Einschränkungen und Kompetenzerweiterung

Was auf den ersten Blick zunächst nach einer Kompetenzerweiterung aussieht, wird auf den zweiten Blick schon wieder konterkariert. Die eigenständige Entscheidung zu Häufigkeit und Dauer einer verordnungsfähigen Maßnahme durch eine Pflegefachperson ist etwa in regelmäßigen Abständen mit dem/der verordnenden Arzt/Ärztin abzustimmen. Außerdem ist gemäß § 5a Abs.4 HKP-RL zwischen der vorausgegangenen Verordnung und der Folgeverordnung spätestens nach drei Monaten ein „persönlicher Arzt-Patienten-Kontakt" herzustellen. Unter Umständen organisiert dann die Pflegefachperson diesen Kontakt, da sie aufgrund ihrer Tätigkeit in der häuslichen Kran kenpflege ohnehin zum Patienten/zur Patientin in Verbindung steht. In §5a Abs.5 HKP-RL wird zudem darauf hingewiesen, dass bei wichtigen medizinischen Gründen der/die verordnende Arzt/Ärztin die Häufigkeit und Dauer selbst auf der Verordnung anzugeben hat. Damit wird die Fachkompetenz der Pflegefachperson im Prinzip infrage gestellt bzw. wird den verordnenden Ärzten/Ärztinnen das Recht eingeräumt, sich hier weiterhin in die vermeintlich neuen Befugnisse der Pflegefachpersonen einzumischen.

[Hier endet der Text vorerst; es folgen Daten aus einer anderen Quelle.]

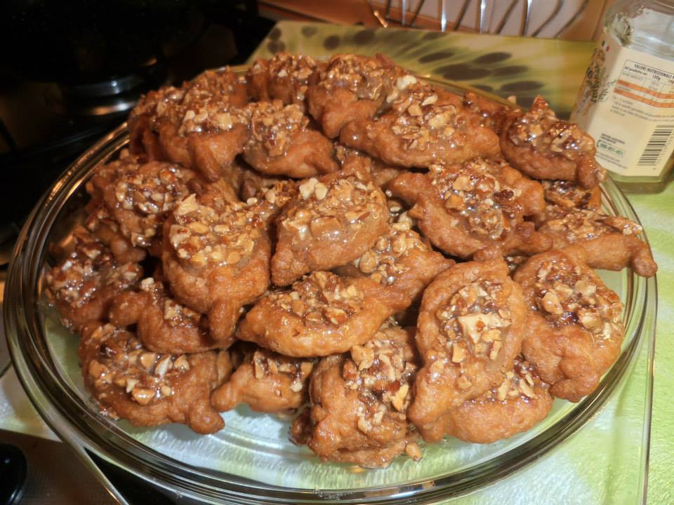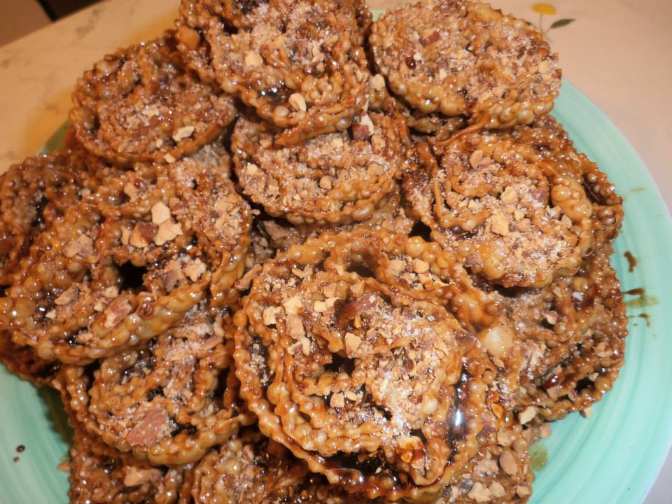 Tritare le mandorle abbrustolite insieme alle noci, con il dorso di una bottiglia. Versarle in una ciotola, aggiungere lo zucchero e le cortecce di mandarino tritate. Calare il tutto nel miele caldo che è stato messo precedentemente a riscaldare sul fuoco a fiamma bassa, condire le crespelle e disporle su spelonche grandi o vassoi.
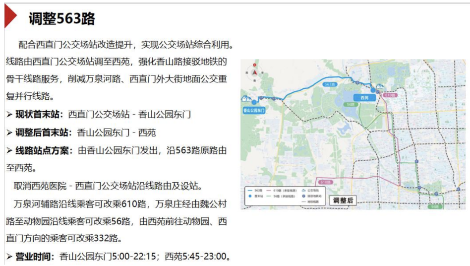 此次调整中,配合西直门公交场站改造提升,实现公交场站综合利用,拟调整563路,线路由西直门公交场站调至西苑,强化香山路接驳地铁的骨干线路服务,削减万泉河路、西直门外大街地面公交重复并行线路。万泉河辅路沿线乘客可改乘610路,万泉庄经由魏公村路至动物园沿线乘客可改乘56路,由西苑前往动物园、西直门方向的乘客可改乘332路。
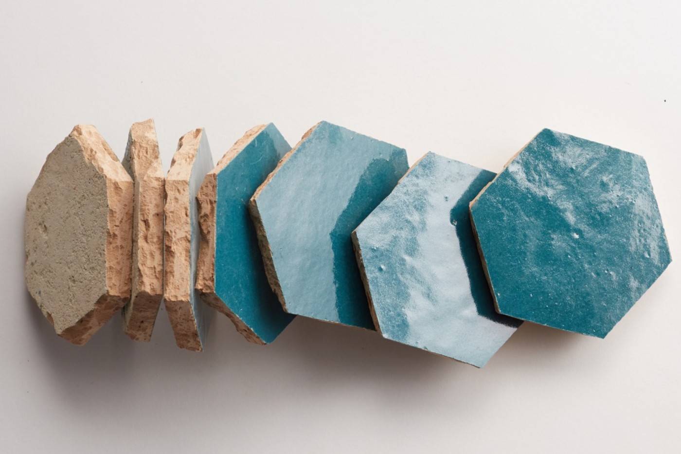 zellige tiles are created from natural glazes, pigments and clay, are fired in handmade kilns using olive pits, and chiseled by hand into desired shapes and sizes. because of the natural materials and the artisan production methods, there will be noticeable variations in thickness, size, shade and color. there may even be differences in the same color across different sizes of zellige. if you want a uniform looking glazed tile, zellige may not be right for your project!
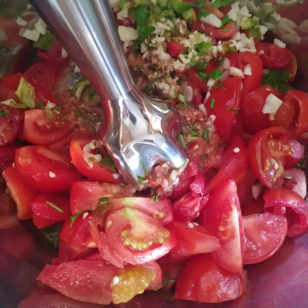 - Помідори 750 гр, гіркий перець – 1 шт, часник півтори головки очистити і пропустити через м’ясорубку або подрібнити блендером.
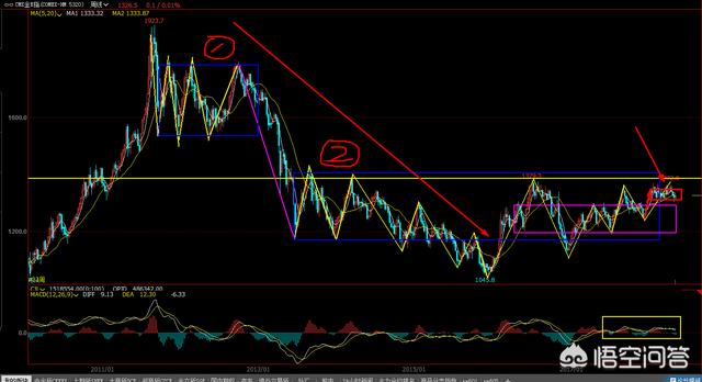 这是黄金的周线图,从周线图上看,周线下跌趋势经历了明显的二个下降中枢,而现在正在构筑上涨趋势的过程中,并且在中枢的上沿构筑了一个小的上涨中枢,从技术分析的角度来看,这都是要上攻的前奏。
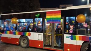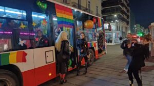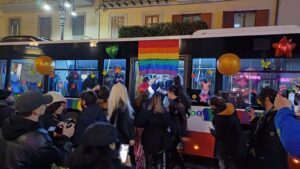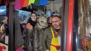 AVELLINO- L’allestimento e la partenza da Piazza Libertà, attraversando il Corso fino all’Eliseo. E’ il Free Bus della Candelora, nato dall’eredita’ del Trans Bus. Un momento di musica, performances e la partecipazione di Vinyl Gianpy dj set. Un’altra tappa verso il due febbraio che coinvolge Avellino e Mercogliano. A lavorare per allestire ed organizzare il Free Bus una rete di associazioni. A partire da Avionica, Caos, I-Ken, PGR, Movimento per la Candelora, Arci Avellino. Donata Ferrante di I-Ken ha ricordato come storicamente “il Trans bus aveva il compito di annunciare tutti gli eventi della Candelora, che quest’anno sono molteplici e coinvolgono più comuni. Pubblicizza tutto quello che abbiamo fatto adesso e faremo fino a domenica, quando tutti insieme saliremo da Mamma Schiavona. In questo momento storico, quello in cui le persone transessuali e omosessuali al mondo subiscono un attacco diretto, sentirci uniti come avviene in questi momenti e con queste iniziative, ci aiuta e ci fa sentire difesi”. Felice Caputo di Kaos, ha voluto rimarcare come questa sera sia emerso: “un mondo colorato, coinvolgendo anche i più giovani, attraverso un’iniziativa che nasce dalle ceneri del Transbus. Abbiamo provato a fare una sintesi tra passato e presente. Pensiamo che nel chiaroscuro i diritti vengano cancellati mentre questa città ha tanta voglia di esprimersi. Di qui l’attenzione rivolta anche alla riscoperta delle tradizioni come Terrafuoco e l’omaggio a Mamma Schiavona. E’ solo attraverso queste azioni come queste che diventiamo comunità nel segno di temi che riguardano tutti”. Massimo Saveriano di “Per Grazia ricevuta” indossa i panni di un lupo. Un lupo che si carica di una valenza duplice, richiamando non solo l’animale simbolo dell’Irpinia. Spiega come “E’ un onore per me “rappresentare la Lupa di Serino. E’ più facile oggi essere gay, mentre lo era ancora di più venti anni fa. Questo transbus è dedicato anche a quelli che sono stati i pionieri in questa battaglia”. Andrea Cresta di Avionica sottolinea come “Questa manifestazione si carica di un valore forte, è il segno che non siamo sordi, che i giovani ci sono e vogliono far sentire la loro voce. In un momento in cui i diritti sono messi in discussione, dobbiamo essere compatti. Il nostro spirito è rivolto a Mamma Schiavona che accoglie davvero tutti. Dobbiamo ringraziare lei per questo momento di unità”
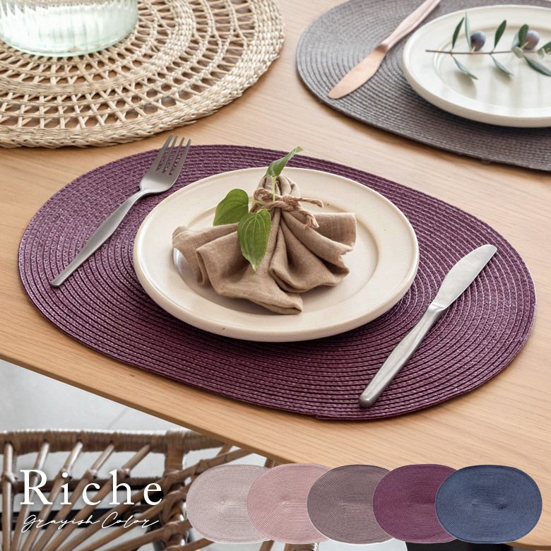 撥水 洗える 無地 シンプル こども 子供 楕円 パーティー 【メール便対応】【コースタープレゼント】ランチョンマット オーバル 4枚セット プレース プレイス マット W 40cm D 30cm グレイッシュ カラー 5色 [lm-67002]【 Riche リッシュ ランチ クリスマス テーブル コーディネート 北欧 おしゃれ リゾート アジアン 雑貨 】
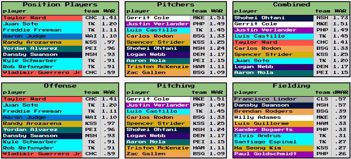 For the overall totals, Taylor Ward continues to hold onto the top spot for position players. What's this? The Kaiju are hoarding top 10 spots. Rude, honestly. Meanwhile, yellow/oranges teams control a big portion of the pitcher top 10 list. Triston McKenzie has fallen from his top spot all the way to 9 after just 2 weeks.
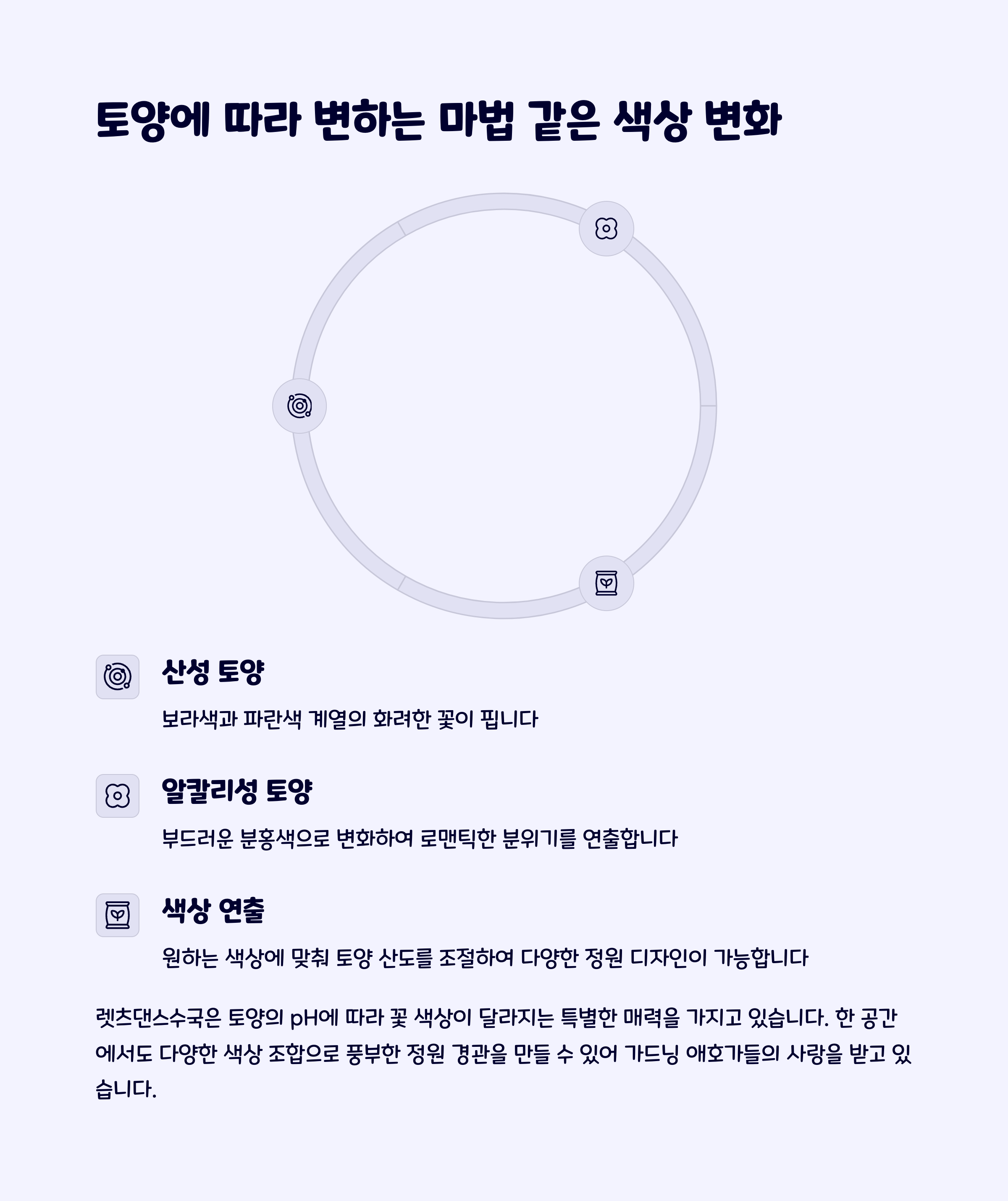 산성 토양 (pH 5.5 이하): 라벤더, 보라, 푸른색

Abhängigkeit bleibt bestehen

Der neue G-BA-Beschluss ändert nichts an der grundsätzlichen Ausrichtung der HKP-RL, die die ärztliche Verordnung der häuslichen Krankenpflege regelt und damit auch deren Dauer und deren Genehmigung durch die Krankenkassen sowie die Zusammenarbeit mit den verordnenden Ärzten und Ärztinnen. Die Verantwortung und damit auch das Recht der Verordnung obliegt weiterhin der Ärzteschaft und die entsprechen de Genehmigung den Krankenkassen. Trotz des neuen Pflegeberufegesetzes (PflBG), das nach §4 PflBG erstmals Vorbehaltsaufgaben der beruflich Pflegenden regelt, erscheint die bereits seit Jahrzehnten verbandspolitisch angestrebte Handlungsautonomie der beruflich Pflegenden in weiteren Gesetzen und Richtlinien nicht gewollt zu sein. Anzustreben wäre im Zuge des PflBG eigentlich das Arbeiten auf Augenhöhe, das sich bereits mit einer eigenen Verordnungskompetenz für Pflegefachpersonen herbeiführen ließe. Veranlasste Leistungen im Sinne der HKP-RL sollten sich nicht aus medizinischen Gründen ergeben, sondern vielmehr aus der pflegefachlichen Bedarfssituation des Patienten/der Patientin. Anzustreben wäre aus Sicht der Pflegefachpersonen außerdem nicht einfach nur die bloße Kompensation einer fehlenden Person im Haushalt der Versicherten gemäß §6 Abs.3 HKP-RL, sondern eine echte Befugnis ohne eine übergeordnete Ärzteschaft. Aus meiner Sicht sind Pflegefachpersonen deutlich qualifizierter und kompetenter, als man es ihnen mit der neuen HKP-RL tatsächlich zumutet.